Because tracing instrumentation has been broken until now.

Distributed tracing is challenging because the instrumentation must propagate the tracing context both within and between processes. Accomplishing this touches almost every part of an application. In particular, tracing context must be passed through:

  • Self-contained OSS services (e.g., NGINX, Cassandra, Redis, etc)
  • OSS packages linked into custom services (e.g., grpc, ORMs, etc)
  • Arbitrary application glue and business logic built around the above

And there’s the rub: It is not reasonable to ask all OSS services and all OSS packages and all application-specific code to use a single tracing vendor; yet, if they don’t share a mechanism for trace description and propagation, the causal chain is broken and the traces are truncated, often severely. We need a single, standard mechanism to describe the behavior of our systems.

Enter OpenTracing

OpenTracing is that “single, standard mechanism.” OpenTracing allows developers of application code, OSS packages, and OSS services to instrument their own code without binding to any particular tracing vendor. Every component of a distributed system can be instrumented in isolation, and the distributed application maintainer can choose (or switch, or multiplex) a downstream tracing technologies with a configuration change.

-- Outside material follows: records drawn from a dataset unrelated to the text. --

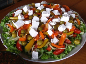 Все как обычно : листья салата крупно порезала, огурцы,помидоры, лук репчатый, сладкий перец - полила заправкой ( оливковое масло, сок лимона, соль, выдавленный зубчик чеснока). Сверху оливки и брынза.
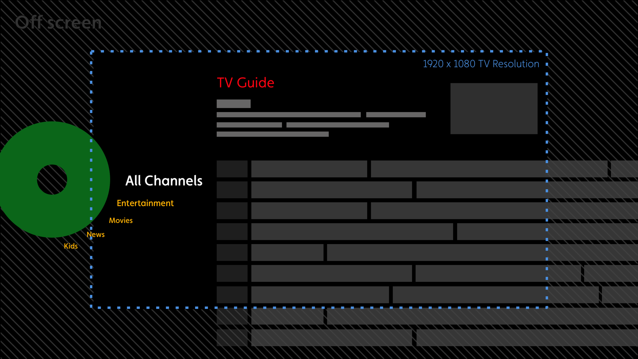 The Primary aim during kick off was to look at best in class experiences and viewer pain points to see where the gap in the market really was. This required key focus on on both breath and depth, understanding the key to the “10 foot TV experience”
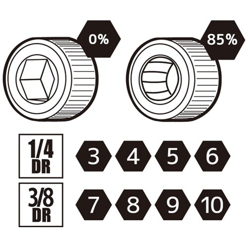 ヘックスボトルリムーバーソケットセット 1/4・3/8DR 各4個入 黒 21898
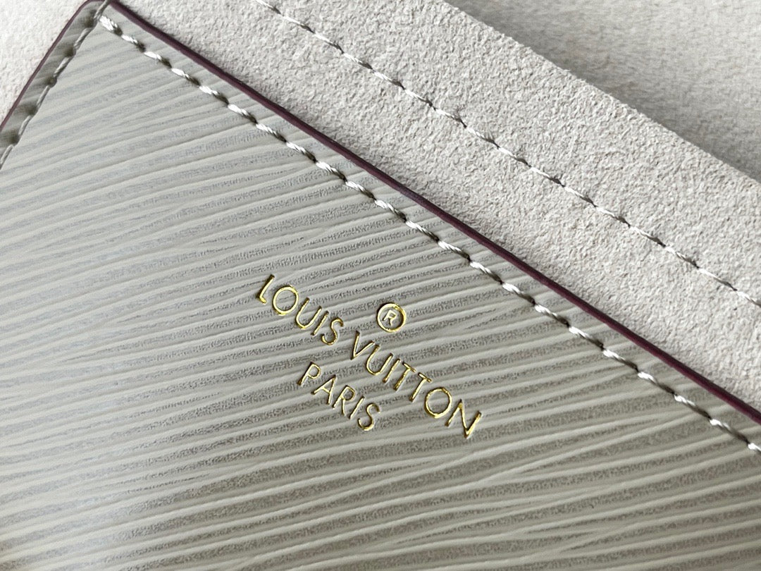 Condition: Vintage; Excellent - This bag retains its shape structure. There is no plastic on the hardware. The closure and strap hardware has some light scratching. The exterior leather shows noticeable wear with press markings throughout to the leather from the strap, discoloration and rubbing to the leather around the corners, bottom and base of bag. The shoulder strap leather also has some rubbing/scuffing. The interior leather has creasing and wrinkling throughout and some noticeable glue residue around the interior edging. The interior has a faint odor. The date stamp sticker is legible and still intact.

So we know we need standardization: but standardization where? All of the following are possibilities:

  1. Standardized span management: programmatic APIs to start, finish, and decorate timed operations (“spans” in Dapper and Zipkin’s terminology)
  2. Standardized inter-process propagation: programmatic APIs to aid in the transfer of tracing context across process boundaries
  3. Standardized active span management: programmatic APIs to store and retrieve the active span across package boundaries in a single process
  4. Standardized in-band context encoding: specification of the precise wire-encoding format for tracing context passed alongside application data between processes
  5. Standardized out-of-band trace data encoding: specification of how decorated trace and span data is encoded as it heads towards the distributed tracing vendor

Previous efforts to standardize distributed tracing have focused on the encoding and representation of trace and context data, both in-band and out-of-band (numbers 4 and 5 above). Ironically, per the table below, standardization of encoding formats has few benefits for instrumentation API consistency, tracing vendor lock-in, or the tidiness of dependencies for OSS projects: the very things that stand in the way of turnkey tracing today.

What’s truly needed — and what OpenTracing provides — is standardization of span management APIs, inter-process propagation APIs, and ideally active span management APIs. The table below shows the five key benefits of standardization around distributed tracing, and the importance of each of the five kinds of standardization for each of those benefits.

OpenTracing picks its battles: by focusing on APIs rather than implementation encodings, it provides the standardization benefits that developers actually need.

OpenTracing gives us the standards we need to make accurate, turnkey distributed tracing a reality across modern software systems, including OSS packages and other third-party code. It does this while allowing OpenTracing implementations to take control over both in-band and out-of-band encoding formats; this in turn gives the application owner the flexibility to switch (or add) tracing vendors with an O(1) declarative configuration change.

The OpenTracing software architecture. Application code and OSS packages program against the abstract OpenTracing APIs, describing the path that requests take within each process as well as the propagation between processes. OpenTracing implementations control the buffering and encoding of trace span data, and they also control the semantics of process-to-process trace context information. As a result, application code can describe and propagate traces without making any assumptions about the OpenTracing implementation.

This summer we will be announcing integrations with important pieces of the application-level microservices stack. As OpenTracing proliferates into other popular packages and subsystems, we will be able to have our cake and eat it, too: high-quality distributed traces with little to no instrumentation effort by the application programmer.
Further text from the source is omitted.